Archives for category: Big Garden

One of the very best features of the Big Garden is… I won’t spoil it with words that will only fail. See for yourself.

and now for my close up

And now for my close up… Snowdrops at their best in the Big Garden

And more snow

And more snow

... and more snow.

… and more snow.

The show will be ending soon at the Big Garden, but the daffs are coming up for the next spectacle, and will hopefully be around for the Hunter Trials (horses, horses and more horses) in April. I must take a photo one day of the best manure heap in Ireland — if only I could get to it without having to risk my life getting sucked into the mud equivalent of quicksand.

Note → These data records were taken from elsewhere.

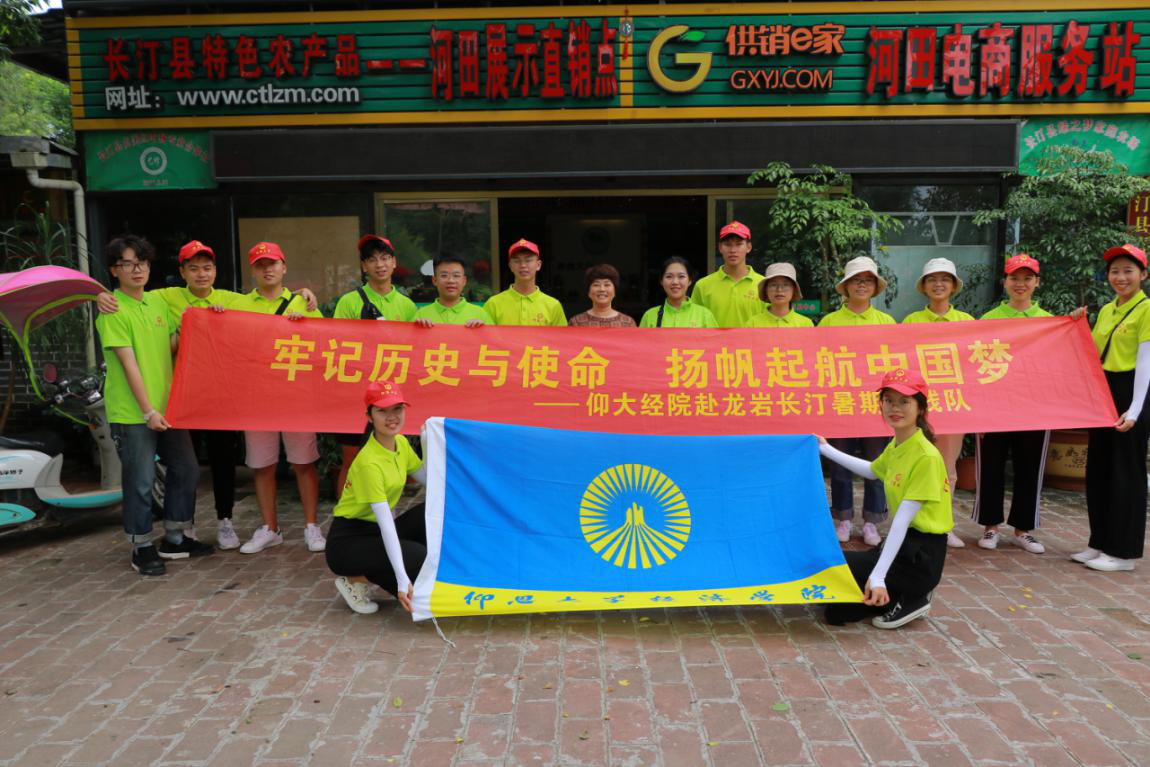 为体验电商实操技术,学习长汀县“水滴石穿”精神,仰大经院赴长汀调研实践队于7月9日下午由长汀县人大代表、福建省劳动模范、绿之梦家庭农场主易小贞带领参观了长汀县河田镇“绿之梦”电商中心。
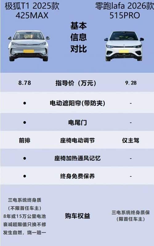 在A0级纯电市场,极狐T1和零跑lafa5 15pro都是备受年轻人关注的车型。两款车各有亮点,但从实际用车需求出发,极狐T1在空间、续航、配置等多个维度都展现出了不俗的竞争力。今天就来好好唠唠这两款车,用数据说话,看看极狐T1到底藏着多少惊喜。
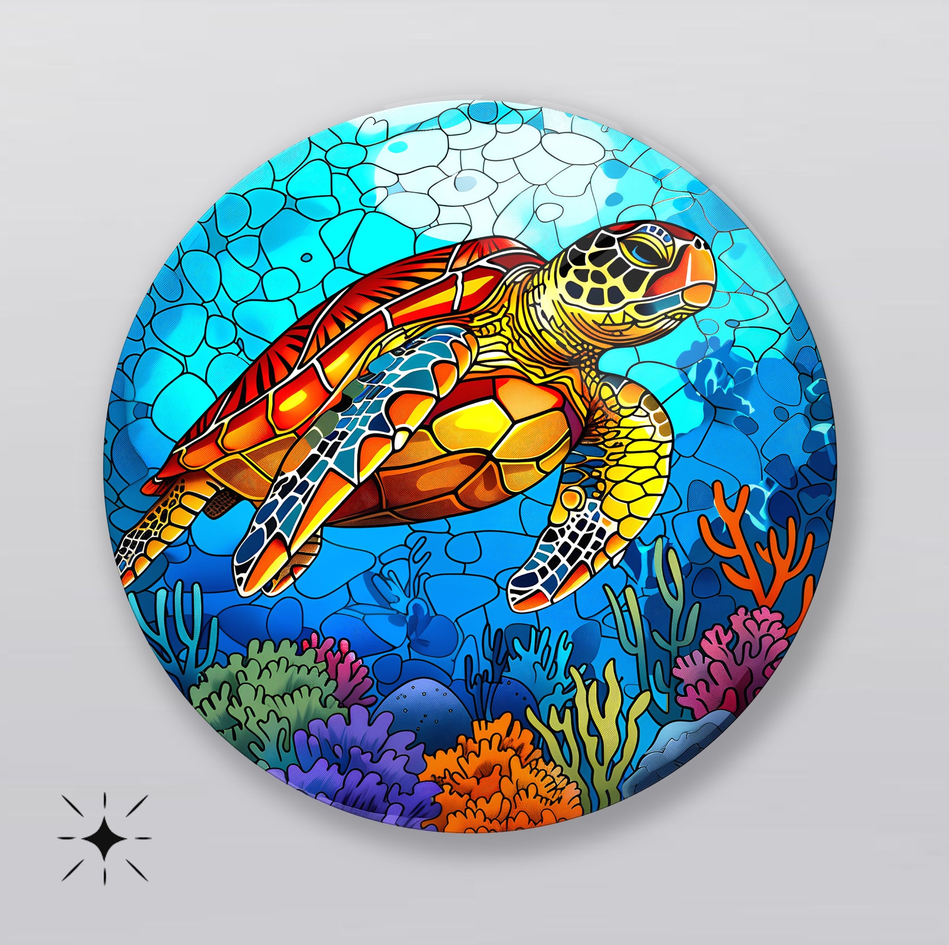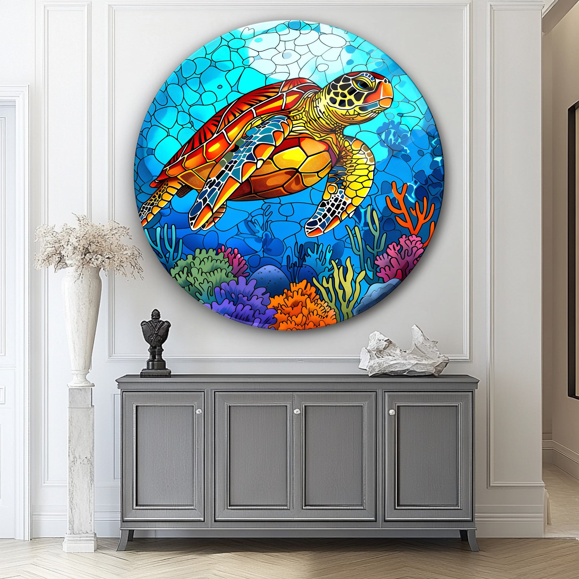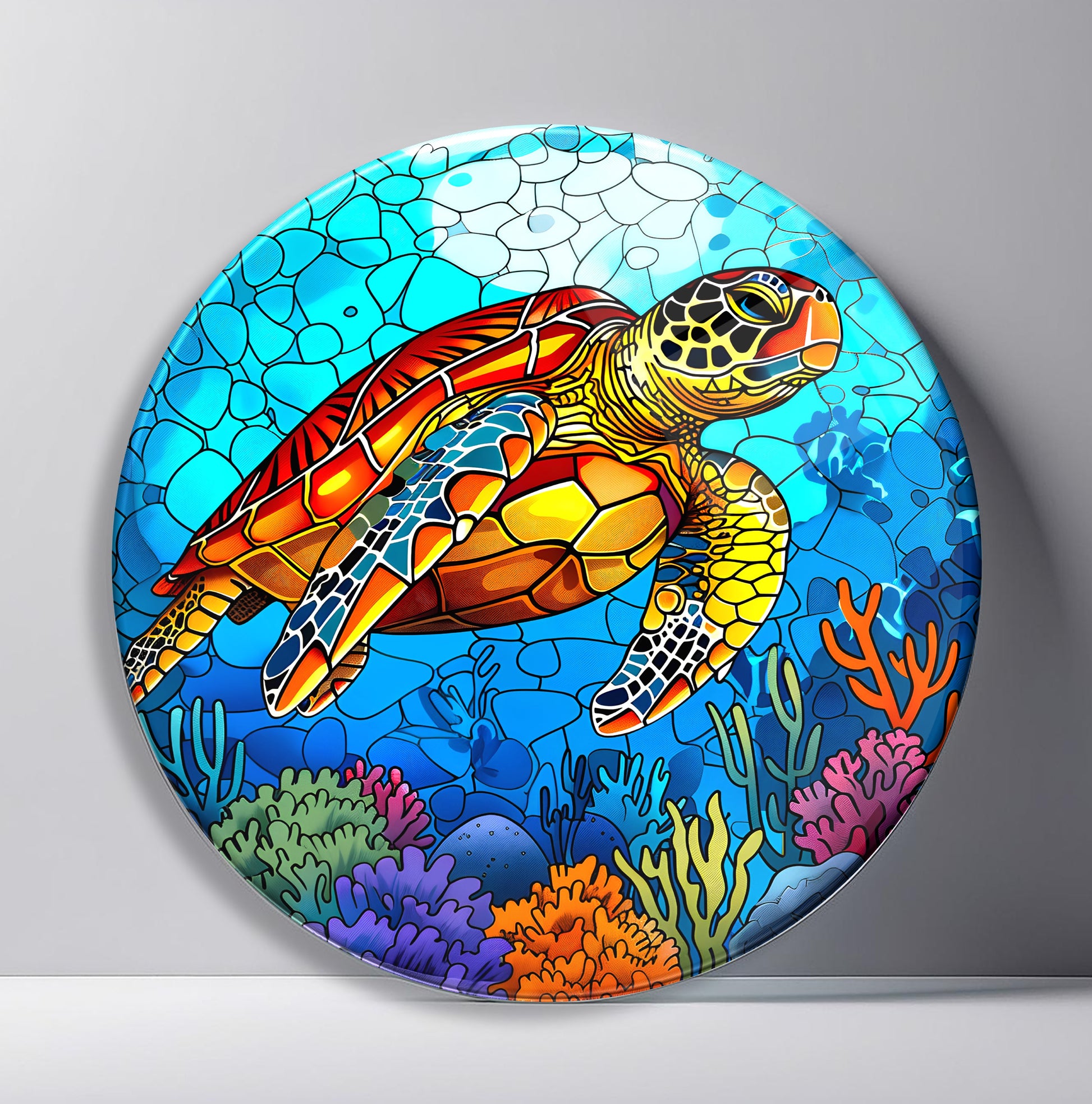 Deniz Kaplumbağası Yuvarlak Cam Tablo

Back at the Little Garden. We all know Ireland is famous for its rain…

Moat, in Galway not Westmeath

Inside the new porch, aka moat.

…but this is ridiculous. I can pretend like I have a moat around my little castle (thankfully corrected this week with one of those new-fangled inventions called a GUTTER).

Gardening undercover? My tunnel, which I usually call ‘Spain’ (as in “I’ll be right back; I’m going to Spain.”), has been redubbed ‘Venezia’ (I thought Venice was too obvious). If I was any good at graphics I would have made a little man in a boat singing ‘O Sole Mio’ and stuck him in the centre pathway of the tunnel.

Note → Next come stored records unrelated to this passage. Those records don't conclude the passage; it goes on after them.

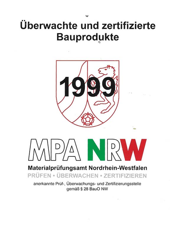 seit 1999 durchgängig Materialprüfungsamt Nordrhein-Westfalen zertifiziert
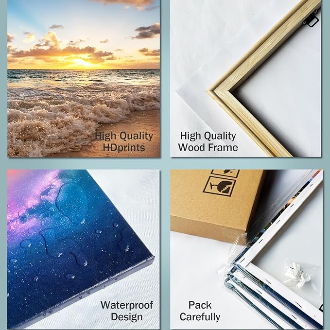 Large Beach Wall Art for Living Room Coastal Canvas Painting Decor - Sunrise Ocean Picture Nature Seascape Artwork Poster Print for Office Bedroom Decoration 20"x40"
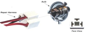 Repair Harness For Hi-Temp Headlamp, Hi-Intensity (Hi-Heat Output) Bulbs, Connector Rated At 300-C/572-F. Use With Bulb # H4, 3-14Ga. 6″ Leads
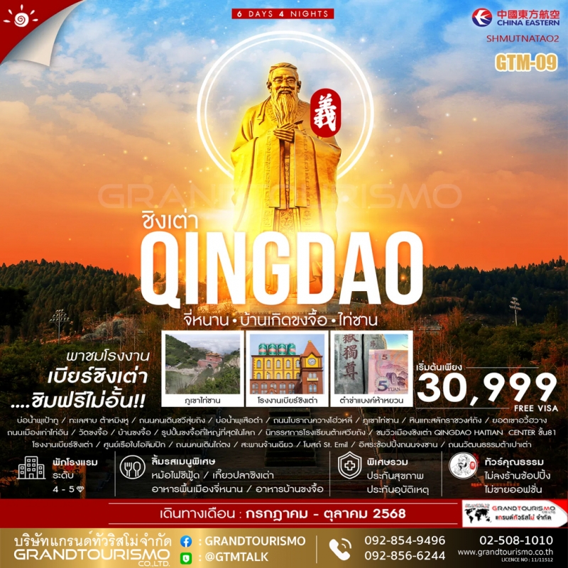 ทัวร์จีน จี่หนาน ไม่ลงร้านช้อป บ้านขงจื้อ ไท่ซาน ชิงเต่า ยอดเขาอวี้ฮวาง บ่อน้ำเป้าทู หนานเทียนเหมิน เมืองไท่อัน 6 วัน 4 คืน ก.ต.-ต.ค. 68
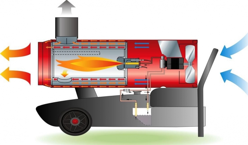 Prinsippet for drift av en varmepistol med indirekte oppvarming er at luften som blåses av viften passerer gjennom forbrenningskammeret og kommer inn i rommet som allerede er oppvarmet, og avfallsproduktene fra diesel fjernes fra rommet gjennom skorsteinen

will it ever stop raining?


But this was a few weeks ago and hope springs eternal. Buds are fattening, even bursting in some case (like the weirdly early willow I have at the very back of our place — the bees love it). As you drive along the motorway (which I unfortunately have to do twice a day), you can see big swathes of trees turning lovely shades of spring as if an artist has come overnight and dotted reds here, whites blushed with pink there. Remember to keep your eyes on the road or this could be detrimental to your health.

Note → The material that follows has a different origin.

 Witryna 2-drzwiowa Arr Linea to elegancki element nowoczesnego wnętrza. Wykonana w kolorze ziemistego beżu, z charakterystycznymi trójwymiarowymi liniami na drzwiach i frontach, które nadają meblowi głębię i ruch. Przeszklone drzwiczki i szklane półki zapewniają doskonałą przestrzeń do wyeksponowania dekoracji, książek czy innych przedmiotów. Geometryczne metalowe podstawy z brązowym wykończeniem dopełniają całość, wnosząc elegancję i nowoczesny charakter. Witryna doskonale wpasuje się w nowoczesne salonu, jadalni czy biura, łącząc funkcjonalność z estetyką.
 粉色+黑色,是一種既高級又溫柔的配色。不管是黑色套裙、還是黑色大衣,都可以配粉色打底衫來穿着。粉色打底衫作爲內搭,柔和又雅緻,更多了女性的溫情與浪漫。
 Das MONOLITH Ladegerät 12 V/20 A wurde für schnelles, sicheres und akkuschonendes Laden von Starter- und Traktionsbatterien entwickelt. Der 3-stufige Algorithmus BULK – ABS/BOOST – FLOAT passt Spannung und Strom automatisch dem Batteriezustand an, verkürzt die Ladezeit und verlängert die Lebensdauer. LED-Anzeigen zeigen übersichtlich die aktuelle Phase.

And just when you think you can’t take it anymore (the weather, that is), you can go into Venezia and pretend like you’re in South Africa…

One can always pretend...

South Africa! Well, that’s where Osteospermum grows like a weed.

Next time… Sow what?


Sometimes I feel like I spend more of my weeding time on paths than I do on beds. But then again, sometimes you get the nicest of surprises that sprout up on paths, especially if you have gravel paths which seem to be the perfect seed incubation site. Here’s a nice little Sedum seedling. I have a few around the place. I’ll remove this one from the gravel and pot it up to be re-homed most likely next spring.

Sedum seedling

Sedum seedling

My best self-sower is Verbena bonariensis. It could almost be called a weed if it weren’t so nice and so share-able. Every year I give away pots of the stuff. It creates a veritable forest and is covered with butterflies on sunny days.

Verbena bonariensis forest

Verbena bonariensis forest

Another nice little surprise I often find is Knautia macedonica. It is the favourite colour of course and fills a space nicely. It can get a bit floppy but, then again, can’t we all?

Knautia macedonica seedling

Knautia macedonica seedling

I worked a bit at the Big Garden last weekend. The rose beds were edged (three and a half hours later and with a gimped back). They look ok. I had to prune out most of the colour as the petals were dropping, but happily the dahlias (which were planted in the red bed to make up for the fact that the red roses were so pathetic) look absolutely fabulous. I don’t know the variety but they are ace. See for yourself.


Dahlias in the red rose bed

The big flower border needs edging (again) and general weeding and cutting back needs to happen. Hopefully I will be able to do a couple of hours tomorrow. The Little Garden really needs my attention but I’ll have to try and spread the love.

Here’s a nice way to end. Finally, a summer that has allowed for a pumpkin to grow outside in the west of Ireland. Here’s the progress so far:


Pumpkin at the Little Garden

Next time… a few new plants to show off, plus lots and lots of bees and flying varmints.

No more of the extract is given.